DATA EXTRACTS:
══════════════════════════════

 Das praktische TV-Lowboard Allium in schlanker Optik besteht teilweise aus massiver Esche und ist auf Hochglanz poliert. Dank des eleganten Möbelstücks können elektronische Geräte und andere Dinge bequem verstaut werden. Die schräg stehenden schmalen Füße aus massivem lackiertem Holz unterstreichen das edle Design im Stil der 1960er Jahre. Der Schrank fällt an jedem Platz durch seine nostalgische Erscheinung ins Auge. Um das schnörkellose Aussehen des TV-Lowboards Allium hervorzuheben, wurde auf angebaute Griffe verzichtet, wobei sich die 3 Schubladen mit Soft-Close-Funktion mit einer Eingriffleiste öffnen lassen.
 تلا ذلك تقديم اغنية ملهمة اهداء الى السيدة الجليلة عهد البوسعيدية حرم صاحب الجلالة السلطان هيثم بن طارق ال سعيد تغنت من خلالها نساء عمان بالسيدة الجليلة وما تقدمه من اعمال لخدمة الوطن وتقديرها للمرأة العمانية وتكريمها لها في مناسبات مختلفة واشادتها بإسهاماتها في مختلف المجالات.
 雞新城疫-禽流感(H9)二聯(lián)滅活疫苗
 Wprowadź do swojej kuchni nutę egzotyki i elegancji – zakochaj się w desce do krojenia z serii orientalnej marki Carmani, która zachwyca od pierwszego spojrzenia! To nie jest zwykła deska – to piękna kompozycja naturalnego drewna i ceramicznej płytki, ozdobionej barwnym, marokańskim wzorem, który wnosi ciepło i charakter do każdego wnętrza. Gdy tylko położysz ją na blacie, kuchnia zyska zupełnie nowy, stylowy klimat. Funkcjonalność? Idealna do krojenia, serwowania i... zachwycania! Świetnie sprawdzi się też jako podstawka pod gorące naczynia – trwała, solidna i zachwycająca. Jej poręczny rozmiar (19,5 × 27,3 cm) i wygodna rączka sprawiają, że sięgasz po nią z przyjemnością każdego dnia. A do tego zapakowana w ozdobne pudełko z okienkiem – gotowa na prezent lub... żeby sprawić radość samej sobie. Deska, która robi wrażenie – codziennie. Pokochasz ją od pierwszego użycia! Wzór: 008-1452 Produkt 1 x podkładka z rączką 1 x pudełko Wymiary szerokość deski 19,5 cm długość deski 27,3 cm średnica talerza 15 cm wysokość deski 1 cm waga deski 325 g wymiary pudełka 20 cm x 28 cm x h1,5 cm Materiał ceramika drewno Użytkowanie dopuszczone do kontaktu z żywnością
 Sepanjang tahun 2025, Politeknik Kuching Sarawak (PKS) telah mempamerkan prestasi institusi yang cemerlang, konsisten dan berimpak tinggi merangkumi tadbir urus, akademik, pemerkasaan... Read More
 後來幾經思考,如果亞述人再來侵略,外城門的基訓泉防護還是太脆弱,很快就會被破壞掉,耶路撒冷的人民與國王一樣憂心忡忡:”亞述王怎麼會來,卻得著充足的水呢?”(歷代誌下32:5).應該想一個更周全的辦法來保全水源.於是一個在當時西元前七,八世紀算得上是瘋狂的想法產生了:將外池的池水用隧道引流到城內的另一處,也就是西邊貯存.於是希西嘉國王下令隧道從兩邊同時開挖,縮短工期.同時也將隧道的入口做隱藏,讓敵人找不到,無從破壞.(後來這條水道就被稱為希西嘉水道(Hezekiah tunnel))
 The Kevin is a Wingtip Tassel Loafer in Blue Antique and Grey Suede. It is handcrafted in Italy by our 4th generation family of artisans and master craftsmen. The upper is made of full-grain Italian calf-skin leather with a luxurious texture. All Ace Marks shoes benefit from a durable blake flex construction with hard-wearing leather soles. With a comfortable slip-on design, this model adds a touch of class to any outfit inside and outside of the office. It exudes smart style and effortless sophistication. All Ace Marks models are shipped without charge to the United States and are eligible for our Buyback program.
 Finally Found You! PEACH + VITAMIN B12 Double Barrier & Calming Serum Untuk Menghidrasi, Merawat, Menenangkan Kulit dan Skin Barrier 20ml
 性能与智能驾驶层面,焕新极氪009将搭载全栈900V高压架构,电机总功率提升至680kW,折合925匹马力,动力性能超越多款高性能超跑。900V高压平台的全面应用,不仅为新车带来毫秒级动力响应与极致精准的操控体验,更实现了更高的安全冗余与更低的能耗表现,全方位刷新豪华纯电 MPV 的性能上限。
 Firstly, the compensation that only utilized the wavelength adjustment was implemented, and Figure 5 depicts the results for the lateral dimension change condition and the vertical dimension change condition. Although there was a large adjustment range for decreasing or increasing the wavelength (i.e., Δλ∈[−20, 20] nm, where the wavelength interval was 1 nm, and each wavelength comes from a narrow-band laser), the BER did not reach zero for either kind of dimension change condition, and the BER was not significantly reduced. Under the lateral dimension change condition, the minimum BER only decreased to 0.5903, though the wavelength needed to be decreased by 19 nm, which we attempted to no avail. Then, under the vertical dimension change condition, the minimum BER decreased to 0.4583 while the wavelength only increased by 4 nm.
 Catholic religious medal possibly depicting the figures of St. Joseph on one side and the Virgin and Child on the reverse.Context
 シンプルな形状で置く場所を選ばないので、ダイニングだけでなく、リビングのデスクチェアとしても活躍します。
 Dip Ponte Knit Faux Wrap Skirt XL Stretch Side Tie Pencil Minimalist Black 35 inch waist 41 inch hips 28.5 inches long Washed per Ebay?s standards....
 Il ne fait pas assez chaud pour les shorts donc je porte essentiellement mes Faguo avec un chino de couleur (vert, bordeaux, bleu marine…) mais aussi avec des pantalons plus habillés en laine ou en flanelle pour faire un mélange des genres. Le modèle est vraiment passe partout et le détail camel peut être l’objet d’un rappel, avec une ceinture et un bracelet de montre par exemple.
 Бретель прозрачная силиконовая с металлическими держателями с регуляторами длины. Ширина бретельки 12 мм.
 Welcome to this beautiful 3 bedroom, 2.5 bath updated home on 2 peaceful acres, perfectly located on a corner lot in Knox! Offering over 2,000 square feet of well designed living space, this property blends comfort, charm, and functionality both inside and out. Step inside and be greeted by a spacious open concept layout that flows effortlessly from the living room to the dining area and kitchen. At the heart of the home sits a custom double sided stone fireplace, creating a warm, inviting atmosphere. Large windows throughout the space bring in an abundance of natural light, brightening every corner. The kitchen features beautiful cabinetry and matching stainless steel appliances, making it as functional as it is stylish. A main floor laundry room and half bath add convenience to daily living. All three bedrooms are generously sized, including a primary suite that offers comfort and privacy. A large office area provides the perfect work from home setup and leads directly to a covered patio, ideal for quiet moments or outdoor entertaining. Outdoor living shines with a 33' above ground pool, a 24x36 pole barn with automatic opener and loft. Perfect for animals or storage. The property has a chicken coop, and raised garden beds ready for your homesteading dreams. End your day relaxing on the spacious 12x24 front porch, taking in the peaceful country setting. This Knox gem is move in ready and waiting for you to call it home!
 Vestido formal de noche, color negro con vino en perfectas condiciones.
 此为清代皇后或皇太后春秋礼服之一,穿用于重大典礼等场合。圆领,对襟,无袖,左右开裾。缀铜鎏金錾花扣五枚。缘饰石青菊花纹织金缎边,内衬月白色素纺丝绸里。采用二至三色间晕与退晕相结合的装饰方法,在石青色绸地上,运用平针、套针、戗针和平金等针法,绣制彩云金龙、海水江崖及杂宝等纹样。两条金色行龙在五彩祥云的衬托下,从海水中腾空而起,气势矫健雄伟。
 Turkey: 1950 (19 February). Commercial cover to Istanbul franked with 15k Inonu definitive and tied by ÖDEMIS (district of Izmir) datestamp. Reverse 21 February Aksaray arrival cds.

══════════════════════════════

EXERCISE DESCRIPTION: All lines from the one containing "Vestido formal de" to the end of the data above are to be set down exactly; no others belong in the answer.

RESPONSE AREA:
 Vestido formal de noche, color negro con vino en perfectas condiciones.
 此为清代皇后或皇太后春秋礼服之一,穿用于重大典礼等场合。圆领,对襟,无袖,左右开裾。缀铜鎏金錾花扣五枚。缘饰石青菊花纹织金缎边,内衬月白色素纺丝绸里。采用二至三色间晕与退晕相结合的装饰方法,在石青色绸地上,运用平针、套针、戗针和平金等针法,绣制彩云金龙、海水江崖及杂宝等纹样。两条金色行龙在五彩祥云的衬托下,从海水中腾空而起,气势矫健雄伟。
 Turkey: 1950 (19 February). Commercial cover to Istanbul franked with 15k Inonu definitive and tied by ÖDEMIS (district of Izmir) datestamp. Reverse 21 February Aksaray arrival cds.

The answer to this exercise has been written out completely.